Important
This repository has reached a point where its feature set and interface should remain stable. @mmyrte will continue his efforts at evoland-plus. See the wiki for an overview of that project.
evoland-plus is a software project that uses statistics to model land use/land cover change (LULCC).
It is based on the LULCC-CH-private project, but to achieve expanding analytical goals, it is being remodelled into an R package.
Part of the workflow (that is: the LULCC allocation) relies on a coupling of R to Dinamica EGO.
To ease development and deployment, the many software dependencies are managed in a devcontainer, which in turn is built by rocker-geospatial-dinamica.
This is particularly well integrated with VS Code, see the docs.
If you prefer to work in a native renv environment, you're welcome to use renv::init() from the project's base directory, which should ask you how to discover dependencies.
You will be given a nice prompt where to read the project dependencies from.

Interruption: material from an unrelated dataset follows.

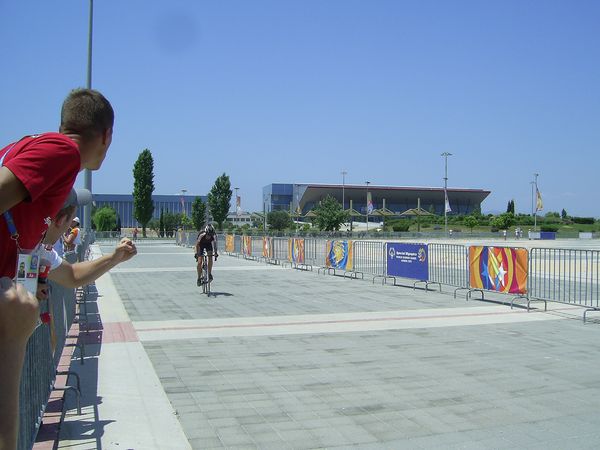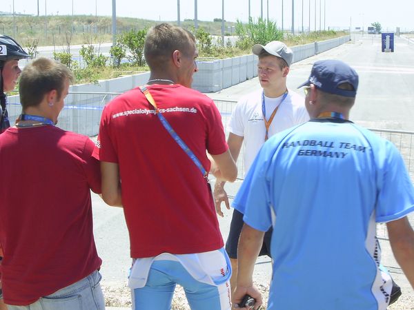 Huete sind wir bei den Radfahrern. Als wir ankommen ist der Dresdner Daniel Naumann gerade im Enspurt. Er holt auf der Zielgeraden, in einem tollen Endspurt gegen einen Niederländer, Gold
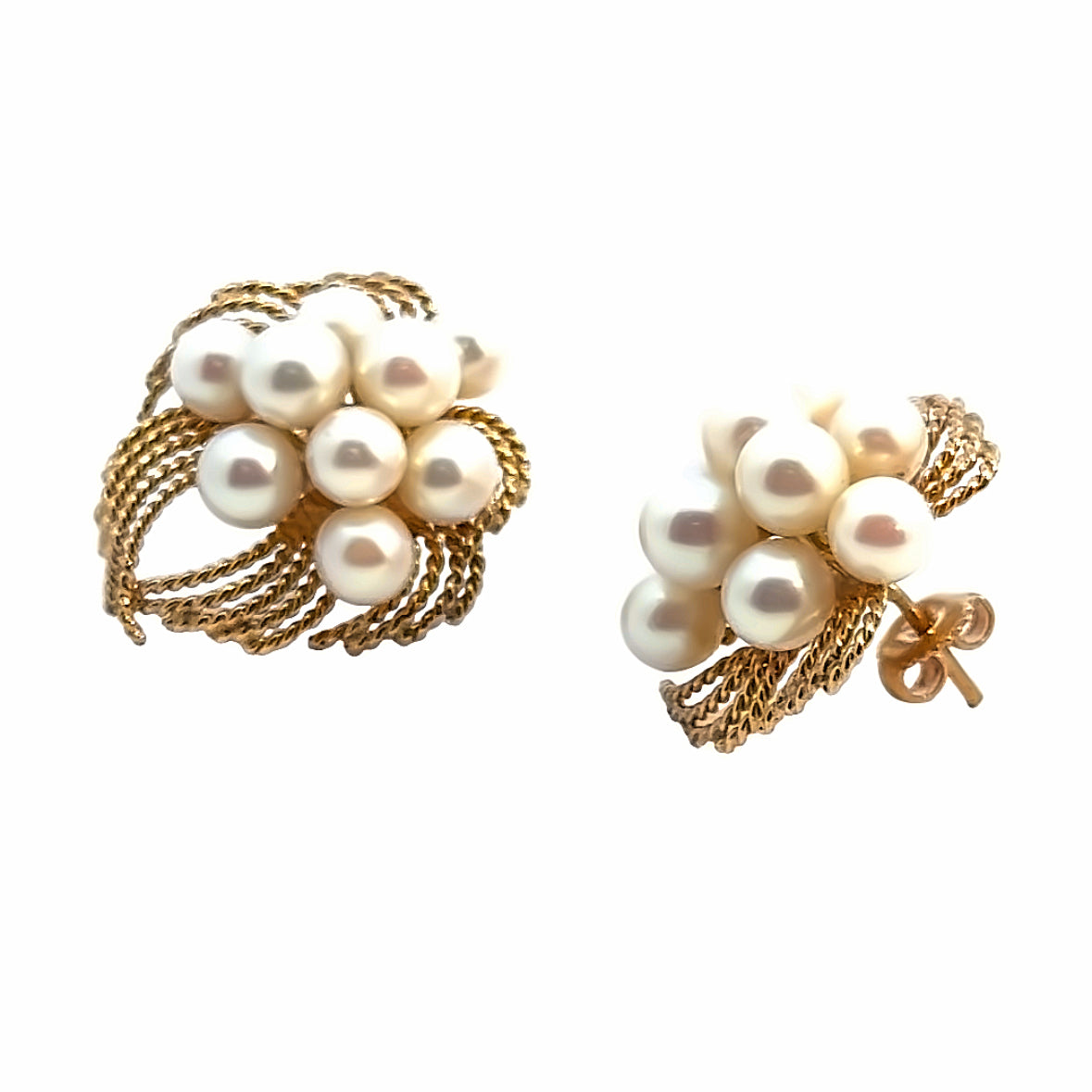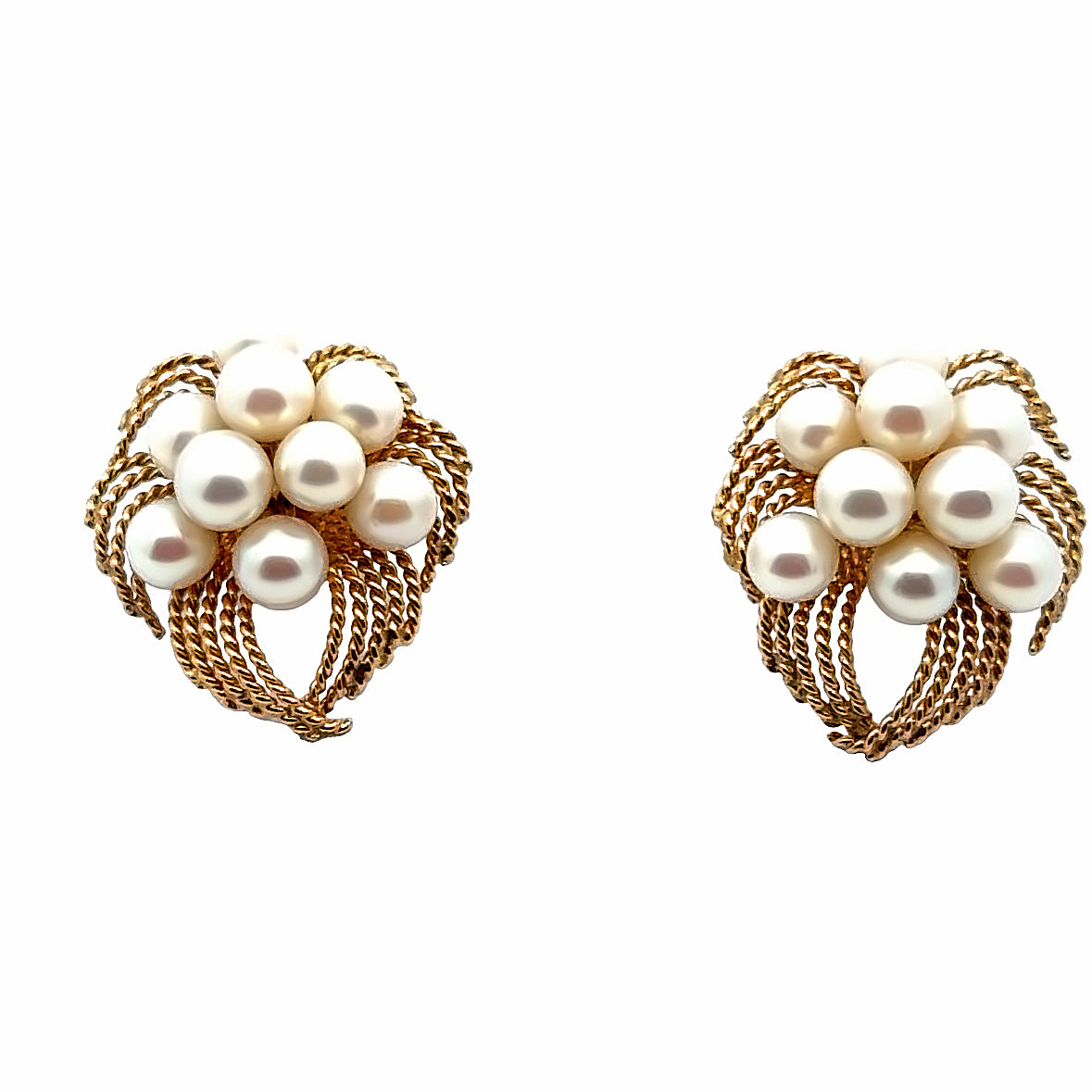 Exquisite 14K rose gold rope design pearl earrings. Crafted with precision and care, these earrings feature AAA pearl clusters that shimmer and shine with beauty. The ornate rope design, reminiscent of a feather, adds a unique and fun shape to these estate earrings making them a rare find.

I suggest you go with the DESCRIPTION, since you would otherwise end up installing some seldom-used packages - you can always install those later.
This repository is now in a state where it should be stable. However, there is an effort going on at evoland-plus to wrap the logic here into a more consistent format, where data is managed by a database instead of folder structures and individual files with sensitive naming schemes. TODOs are being tracked in this GitHub project and the issues on this repository. TODO, FIXME, and WARNING comments are used throughout the codebase; if you encounter a problem with a specific section of code, chances are that the scripts do not generalize well outside of the analytic domain they were written for.
The commit history is rewritten (using git-filter-repo) to omit large binary files above 1MiB and made all paths lowercase to avoid trouble with case insensitive file systems.
A bit of guesswork has gone into the reconstruction of file names and paths: occasionally, you may find a file that was referenced in some place but committed to the repository under a different name. Where I was reasonably confident that two paths should match up, I changed either the reference or renamed the referred object.